Many drug launches fail because the market is already crowded with look-alike products. In some ways, this is a commercial problem. By now, managers tasked with selecting the most promising molecule should have a better understanding that payers, physicians, and patients all value new drugs that work better than existing treatments.

The problem isn’t confined to “me-too” medicines. Novel drugs also fail because payers don’t understand the products, or word never reaches patients who need them—a missed opportunity that can’t be blamed on the organization’s research team.

Bringing commercial to clinical

The solution may be simpler than many people realize. I believe companies can increase chances of a successful launch by bringing insights from market access and other commercial functions directly into phase II and phase III clinical research. This way, the treatment that eventually wins FDA approval is more likely to match what payers, providers and patients say they want.

Sadly, our industry is still quite a long way from this point. Last year, a study in the peer-reviewed journal BMC Medicine critiqued the biopharma industry’s heavy reliance on surrogate endpoints such as progression-free survival in cancer clinical trials.
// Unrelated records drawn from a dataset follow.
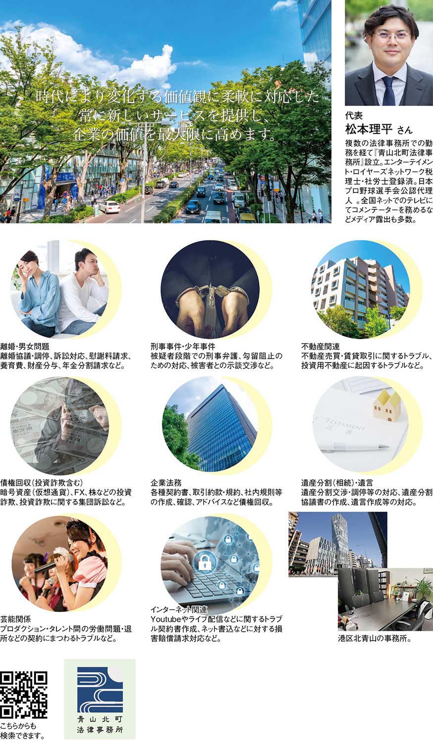 東京・表参道駅から徒歩圏内に位置する『青山北町法律事務所』は、企業法務から個人の法律問題まで幅広く対応する地域に根差した法律事務所。遺産分割交渉や調停、遺言書作成、不動産の売買・賃貸借、投資用不動産を巡るトラブルをはじめ、芸能・エンターテインメント分野、近年相談が急増しているYouTubeやライブ配信などインターネット関連の問題まで、多岐にわたる分野で実績を重ねている。代表を務める松本理平さんは、第一東京弁護士会所属。都内複数の法律事務所での勤務経験に加え、大手金融機関への出向経験を持ち、その知見を生かして『青山北町法律事務所』を設立。金融、不動産、企業活動に精通した視点は、複雑化する現代の法律問題において大きな強みとなっている。
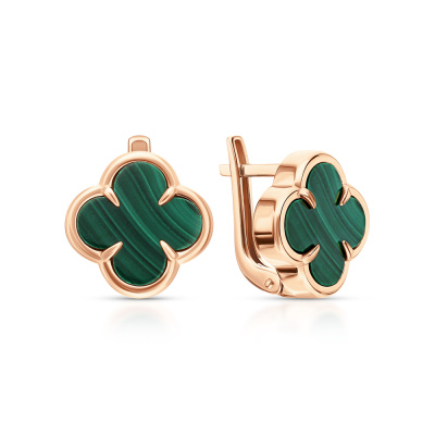 Серьги с 2 малахитами; Розовое золото 585 пробы.
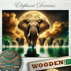Elephant Dreams puzzle din lemn fabricat din lemn natural de înaltă calitate care este durabil, plăcut la atingere și o alternativă ecologică la puzzle-urile tradiționale din carton. Datorită tăierii precise cu laser, îmbinările sunt precise și piesele se potrivesc bine între ele, păstrând în același timp distracția și provocarea puzzle-ului.
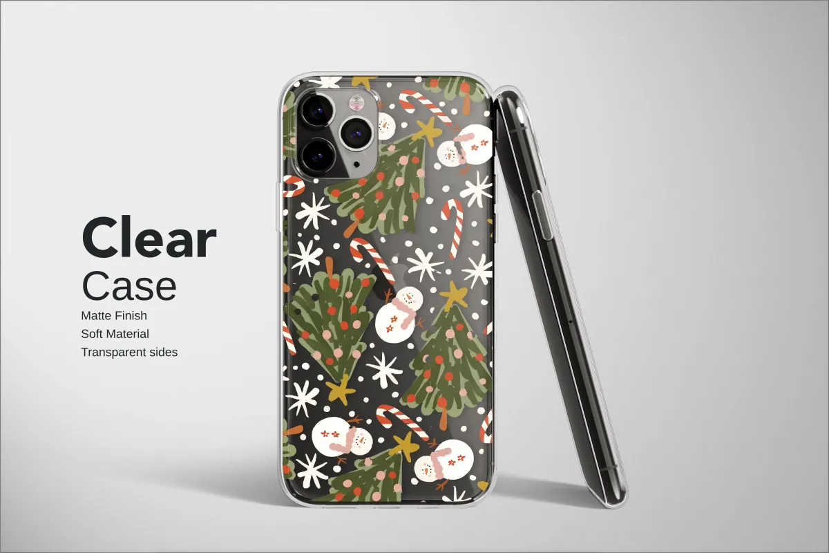 Clear Clear Festive Christmas Snowman Tree Illustration Phone Case Cover for iPhone 17 Pro Max 16 15 13 Samsung S25 S24 Pixel 8204
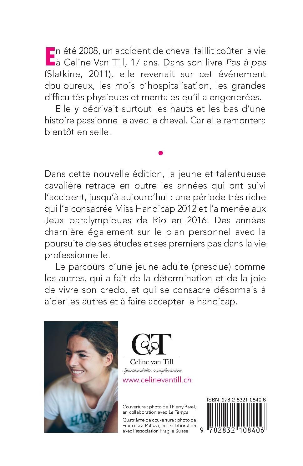 Dans cette nouvelle édition, la jeune et talentueuse cavalière retrace en outre les années qui ont suivi l’accident, jusqu’à aujourd’hui : une période très riche qui l’a consacrée Miss Handicap 2012 et l’a menée aux Jeux paralympiques de Rio en 2016. Des années charnière également sur le plan personnel avec la poursuite de ses études et ses premiers pas dans la vie professionnelle.
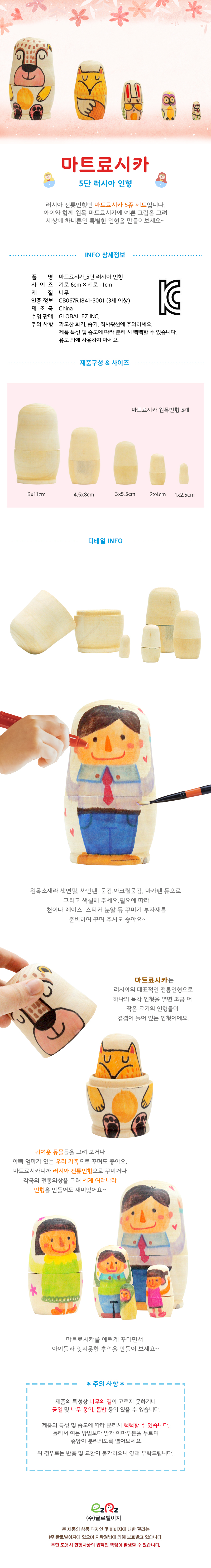 | 품명 및 모델명 | [이지피아] 우드 인형-마트료시카 5단 러시아 인형 |

Surrogates are useful in a regulatory review. However, too often, the industry defaults to surrogates without running postmarketing surveillance studies to correlate the results with the quality of life and overall survival.
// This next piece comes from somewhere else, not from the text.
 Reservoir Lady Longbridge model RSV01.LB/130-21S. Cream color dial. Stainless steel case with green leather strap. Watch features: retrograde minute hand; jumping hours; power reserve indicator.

Commercial teams understand these correlations matter for payers and physicians. And they can help research colleagues assure that the necessary bases are covered when a drug reaches the market.
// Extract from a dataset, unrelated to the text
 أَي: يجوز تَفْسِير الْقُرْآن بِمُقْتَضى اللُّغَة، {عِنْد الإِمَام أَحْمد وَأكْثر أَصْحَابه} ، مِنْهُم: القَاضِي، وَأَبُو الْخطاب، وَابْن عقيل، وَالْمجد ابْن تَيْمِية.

In fact, there are many insights commercial groups can glean that will enrich clinical research and position drugs for success. By analyzing insurance claims and prescription data, we can predict quite a lot about which endpoints matter to payers and prescribers in different therapeutic areas.  While drugs are in early stages of development, we can also survey these same stakeholders, as well as patient organizations whose opinions they value, to produce an even deeper perspective on how different stakeholders define “value.” And, of course, we can shed light on real-world efficacy by beefing up postmarketing surveillance studies within our commercial organizations.

I was pleased to see this subject resonated with a few other members of the Future of Biotech panel. Leslie Stolz, head of Johnson & Johnson Innovation Center/JLABS California, at one point explained to the audience why this type of integration matters to big pharma as well as small biotechs. The challenge is “bringing commercial back in [and] taking what we learn back into clinical trials,” Stolz said. “Johnson & Johnson works really hard to get rid of the silos now that were in between the [research and commercial] organizations and bring everyone back in order to accomplish that.”

As many panelists pointed out, 2017 was a stupendous year for biotech tools and key technologies, from CRISPR gene-editing and sub-$1,000 genome sequencing to the first commercial forays into gene therapy, stem cell therapy, RNA-interference, to the advent of AI-assisted drug discovery.

What we all must remember is that technologies aren’t treatments, and regulatory approvals don’t automatically mean lower morbidity and mortality.  Medical breakthroughs should be more than just interesting science experiments. To truly benefit patients, we must apply the full complement of commercial insights to drug development and make sure effective drugs succeed at launch.